*Work order:*
Copy each line below as written, but skip the pictures.

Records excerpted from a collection
········

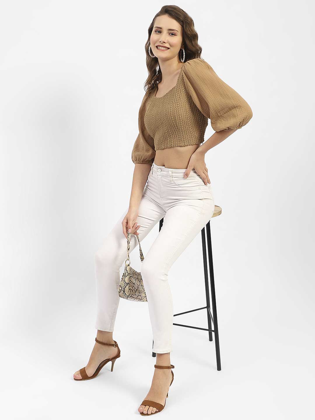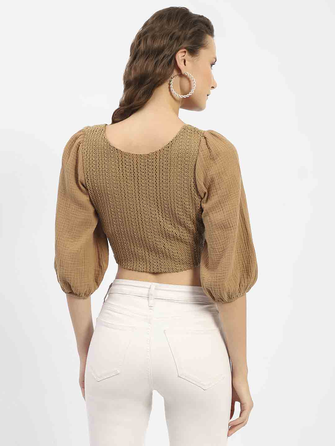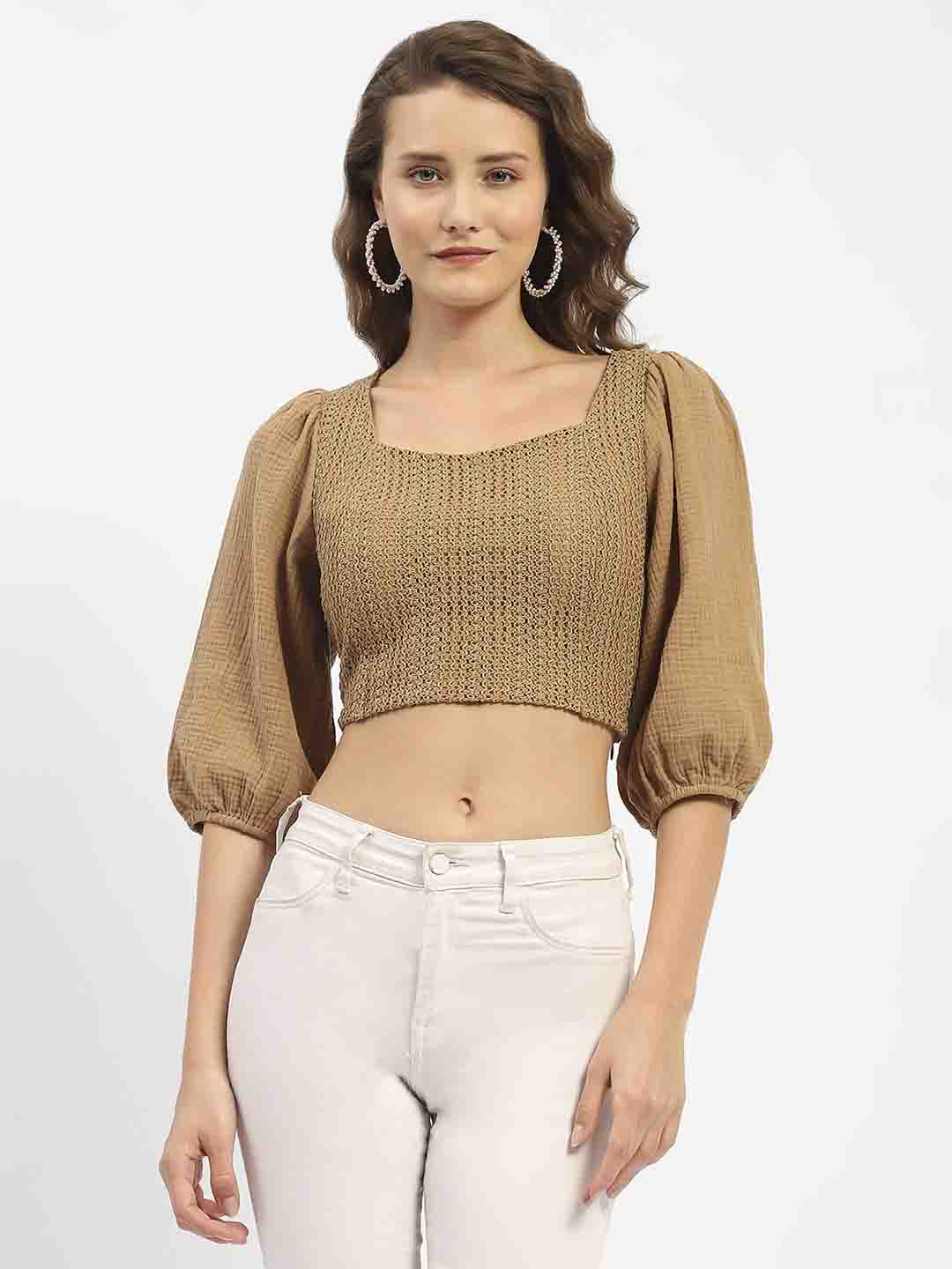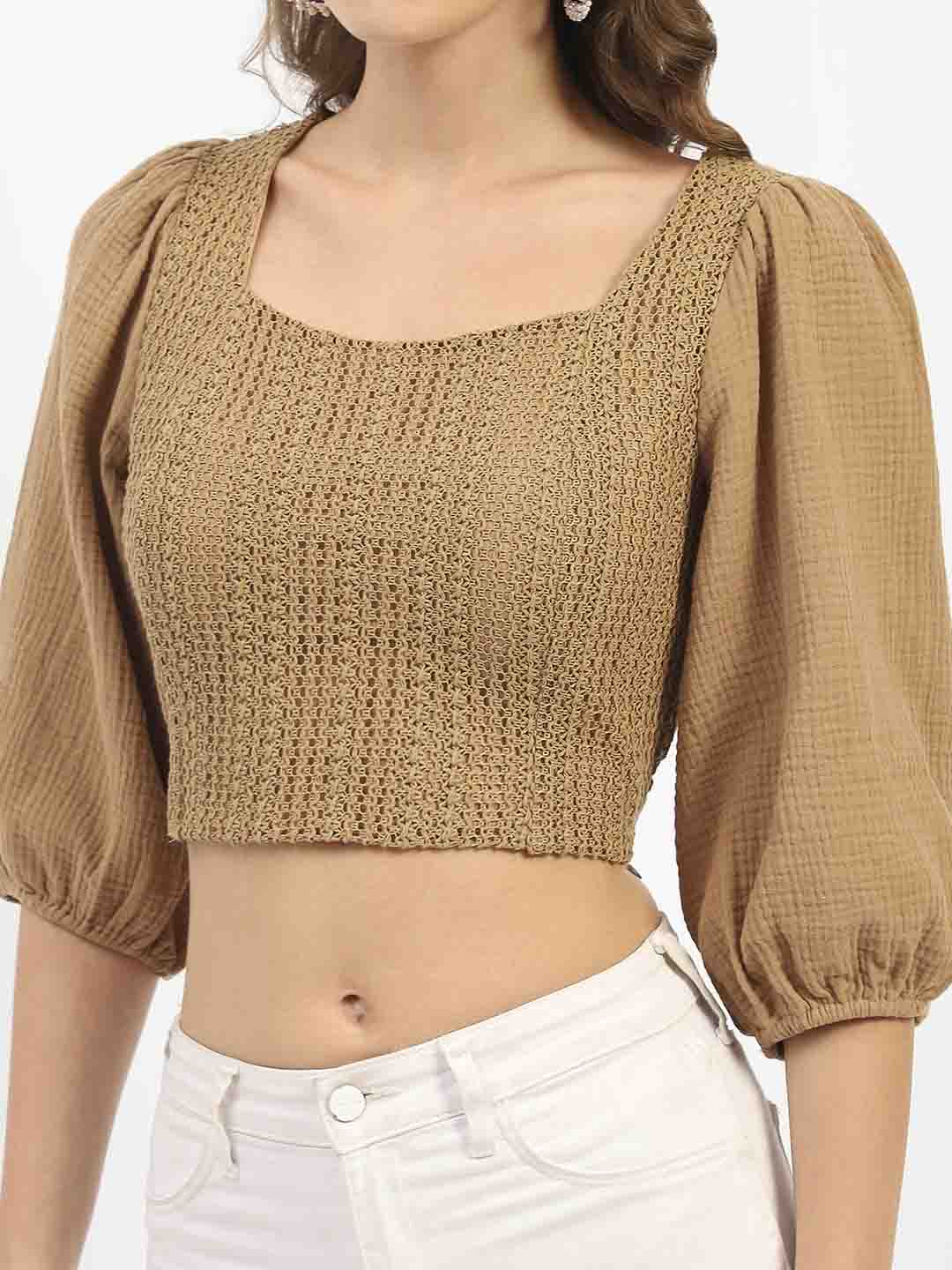 Madame Square Neck Brown Crop Top
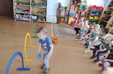 3 мая в режиме дня, с целью формирования сенсорного опыта, с малышами первой группы раннего возраста «Радуга» была проведена игра «Прокати шарик в ворота».
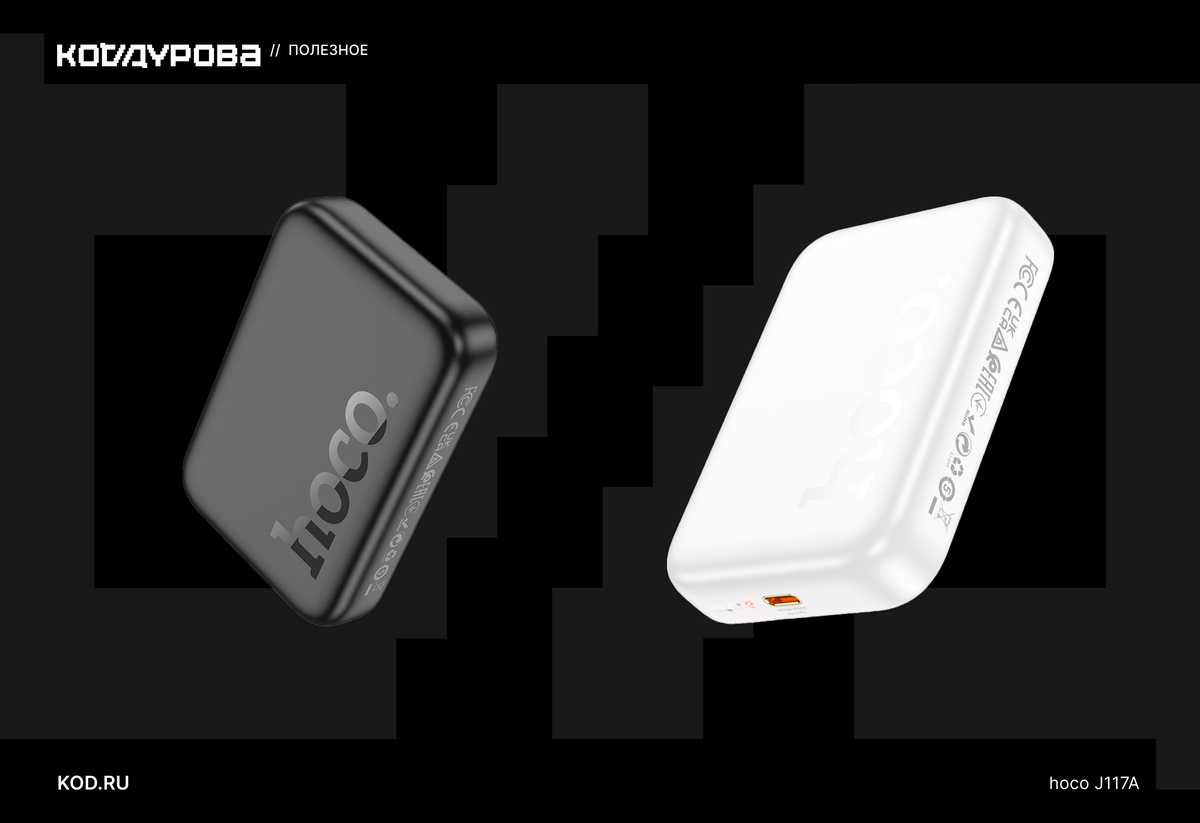 Бренд hoco известен дешёвыми, но неплохими по качеству аксессуарами. Модель J117 представляет собой классический магнитный пауэрбанк и доступна в двух цветах: чёрном и белом.
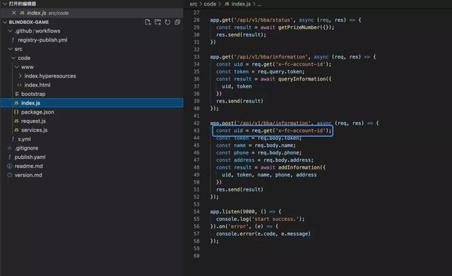 4.用户点击抽奖操作后,会在用户账号下发起对无服务器服务的请求,无服务器服务会根据用户的uid信息处理相关信息,向本次活动的后台无服务器服务发起真实的抽奖请求;
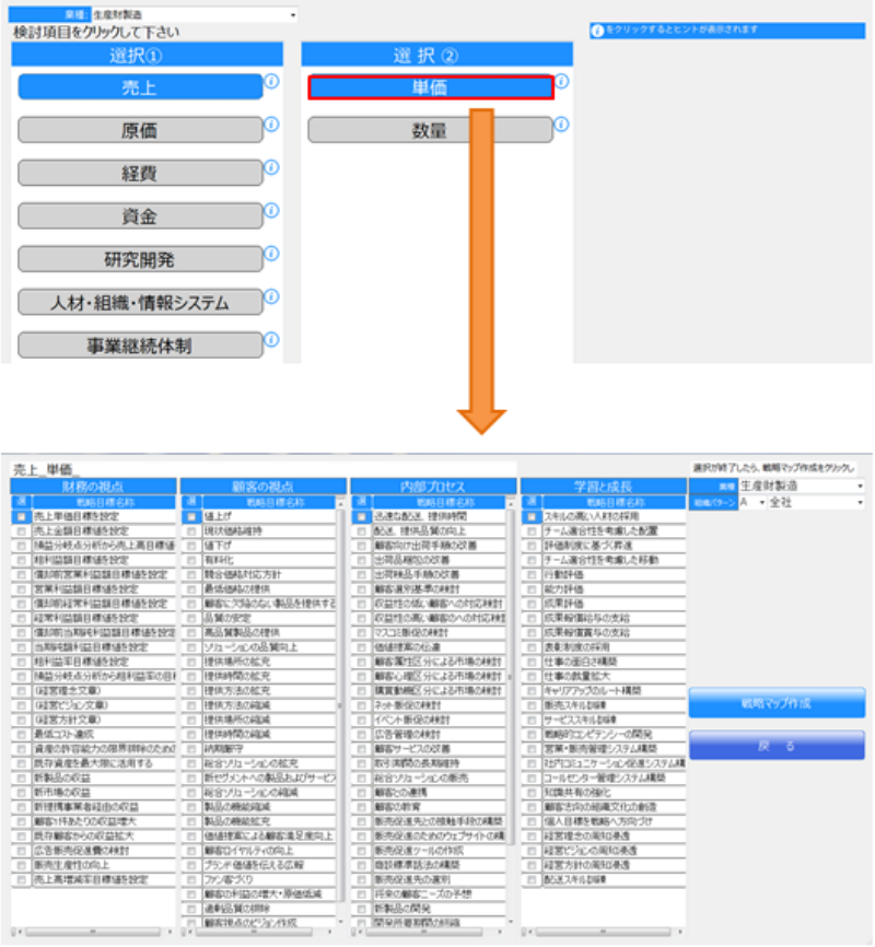 戦略目標からをクリックすると、BSCの4つの視点(財務、顧客、内部プロセス、学習と成長)ごとの戦略目標が表示されますので、採用したい戦略目標にチェックをつけて戦略マップを作成できます。

········

*Answer space:*
 Madame Square Neck Brown Crop Top
 3 мая в режиме дня, с целью формирования сенсорного опыта, с малышами первой группы раннего возраста «Радуга» была проведена игра «Прокати шарик в ворота».
 Бренд hoco известен дешёвыми, но неплохими по качеству аксессуарами. Модель J117 представляет собой классический магнитный пауэрбанк и доступна в двух цветах: чёрном и белом.
 4.用户点击抽奖操作后,会在用户账号下发起对无服务器服务的请求,无服务器服务会根据用户的uid信息处理相关信息,向本次活动的后台无服务器服务发起真实的抽奖请求;
 戦略目標からをクリックすると、BSCの4つの視点(財務、顧客、内部プロセス、学習と成長)ごとの戦略目標が表示されますので、採用したい戦略目標にチェックをつけて戦略マップを作成できます。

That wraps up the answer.